### [TASK]
From the line that contains "Серебро. 2,24г. Рига" to the last line of the data below, transcribe every line exactly. Do not include the pictures.

### [DATA SHOWN]
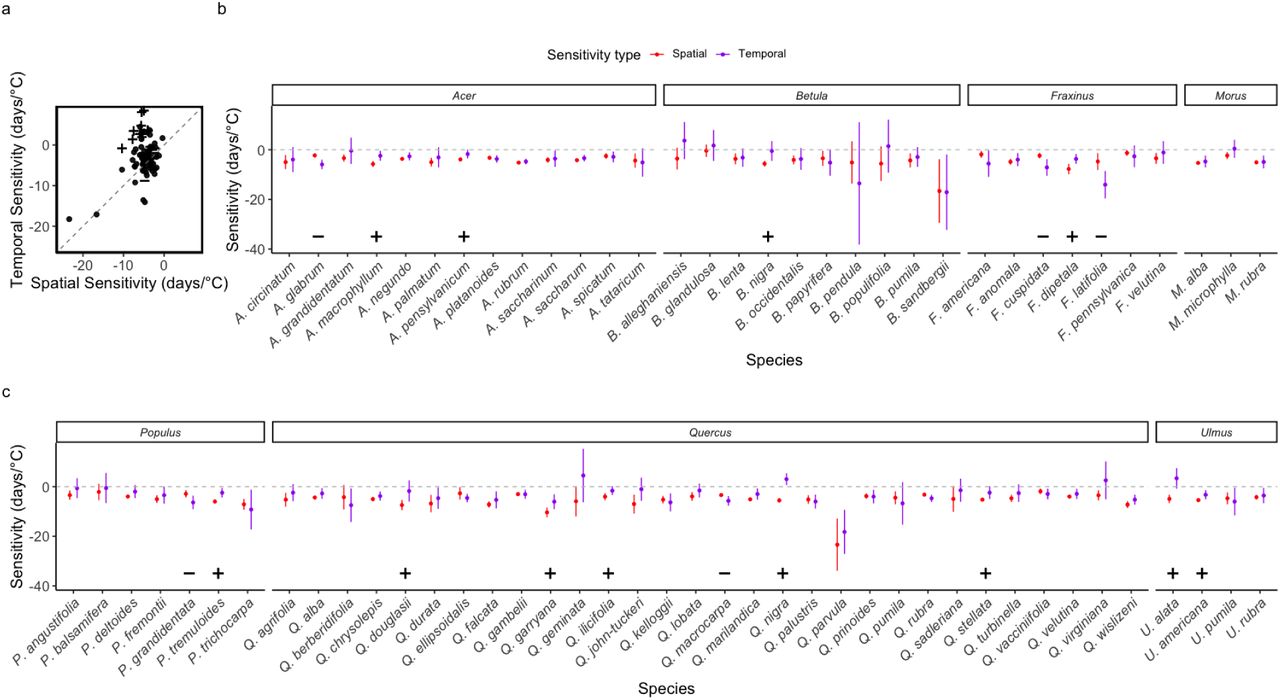 - We compared spatial and temporal sensitivities in multiple wind-pollinated species to evaluate the roles of plasticity and adaptation in phenological responses of flowering.
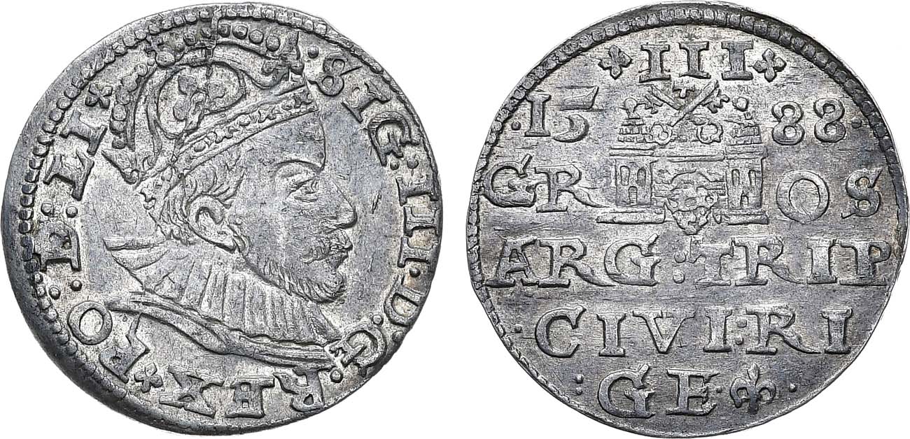 Серебро. 2,24г. Рига (GE). Первый год чеканки. Kopicki 8177. AU.
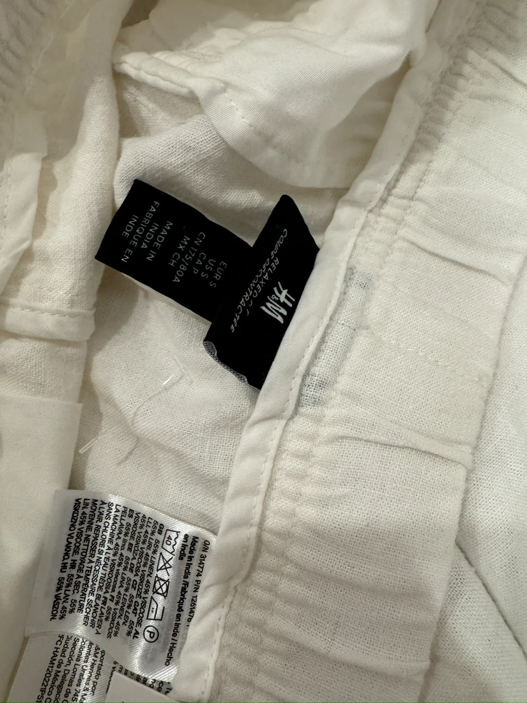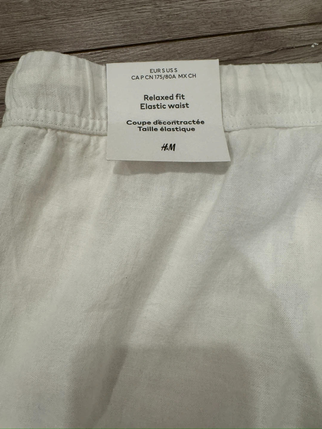 Selling a pair of H&M relaxed fit pants in size small. They're white and have an elastic waist for extra comfort. Perfect for a casual day out!
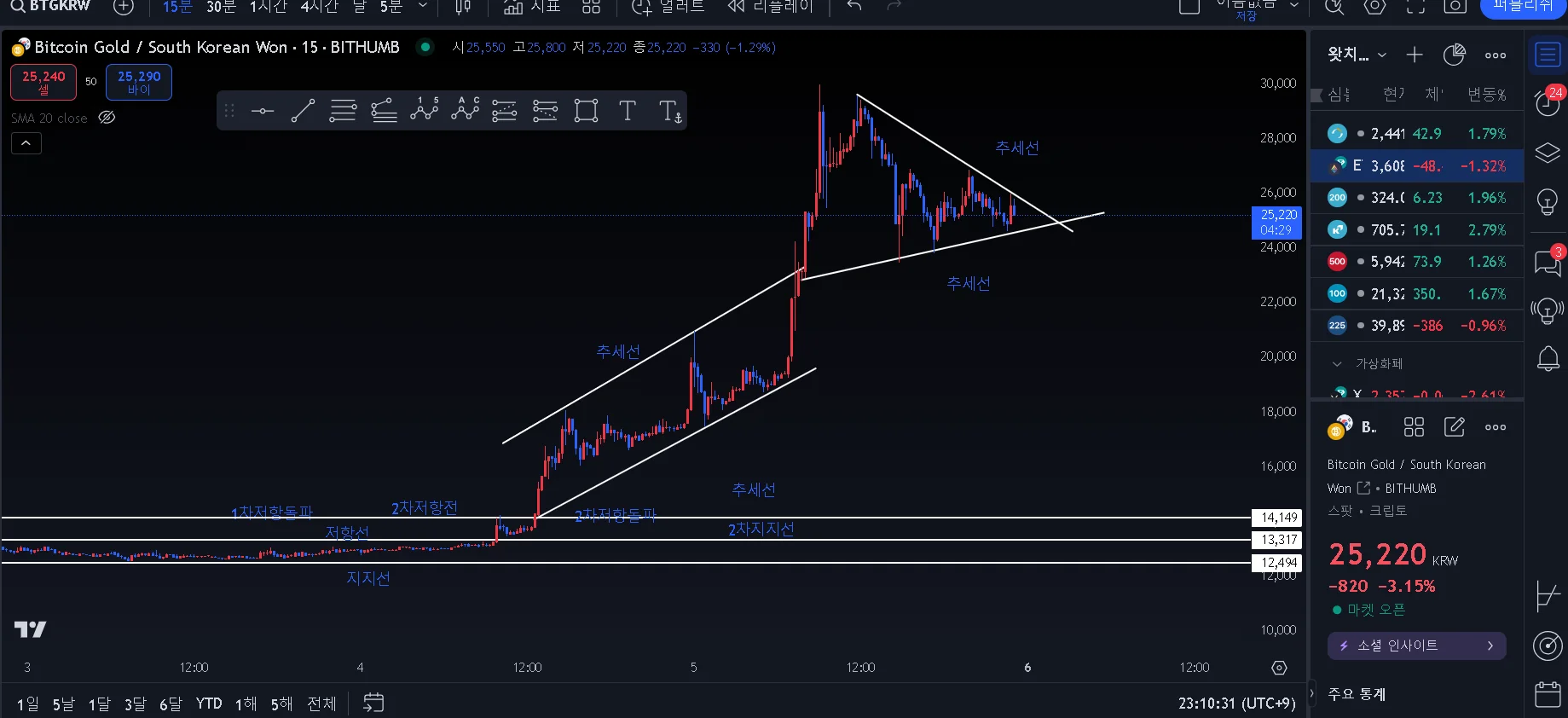 비트코인골드(BTG) 15분봉으로 작도를 해봤습니다
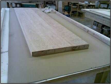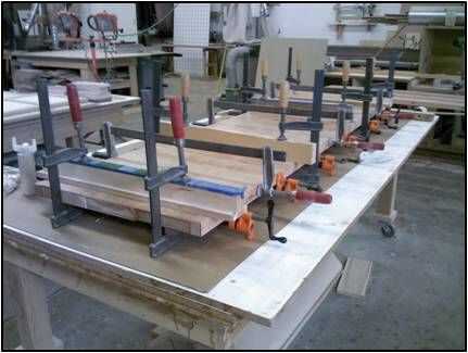 Las abrazaderas fueron fijadas a través de la presión aplicada tableros y cauls en toda la superficie para asegurar la llanura.
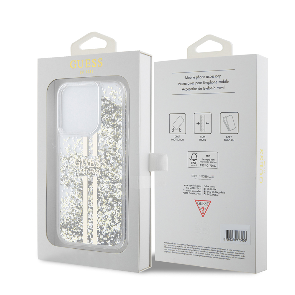 Guess Liquid Glitter Gold Stripes pouzdro iPhone 15 Pro průhlednéPřeneste ikonický styl značky Guess přímo do své dlaně s exkluzivním pouzdrem Guess Liquid Glitter Gold Stripes. Toto průhledné pouzdro je navrženo tak, aby dokonale podtrhlo eleganci vašeho iPhone 15 Pro a zároveň mu dodalo nádech luxusu a hravosti.
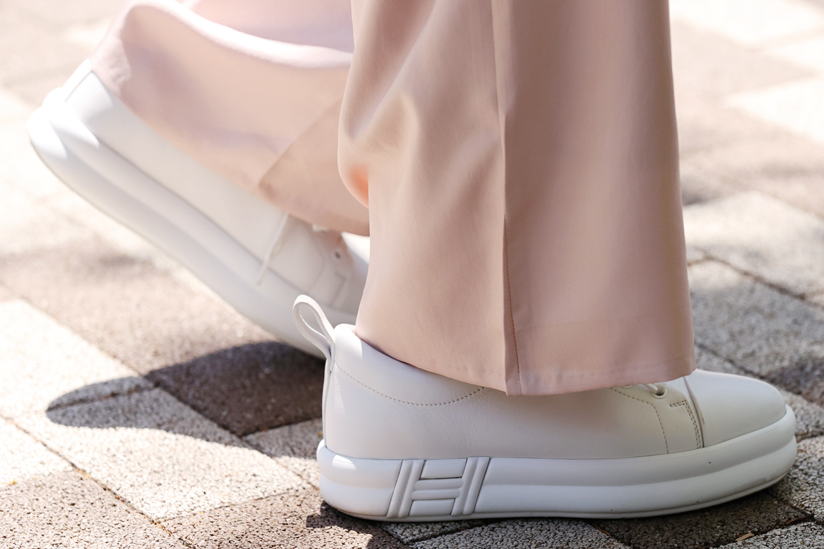 ハイブランドのスニーカーならキレイめな服にも合わせやすく、おしゃれなカフェやデパートにも履いて行けます。このエルメスは厚底だからスタイルアップも叶います。

### [WRITTEN RESPONSE]
 Серебро. 2,24г. Рига (GE). Первый год чеканки. Kopicki 8177. AU.
 Selling a pair of H&M relaxed fit pants in size small. They're white and have an elastic waist for extra comfort. Perfect for a casual day out!
 비트코인골드(BTG) 15분봉으로 작도를 해봤습니다
 Las abrazaderas fueron fijadas a través de la presión aplicada tableros y cauls en toda la superficie para asegurar la llanura.
 Guess Liquid Glitter Gold Stripes pouzdro iPhone 15 Pro průhlednéPřeneste ikonický styl značky Guess přímo do své dlaně s exkluzivním pouzdrem Guess Liquid Glitter Gold Stripes. Toto průhledné pouzdro je navrženo tak, aby dokonale podtrhlo eleganci vašeho iPhone 15 Pro a zároveň mu dodalo nádech luxusu a hravosti.
 ハイブランドのスニーカーならキレイめな服にも合わせやすく、おしゃれなカフェやデパートにも履いて行けます。このエルメスは厚底だからスタイルアップも叶います。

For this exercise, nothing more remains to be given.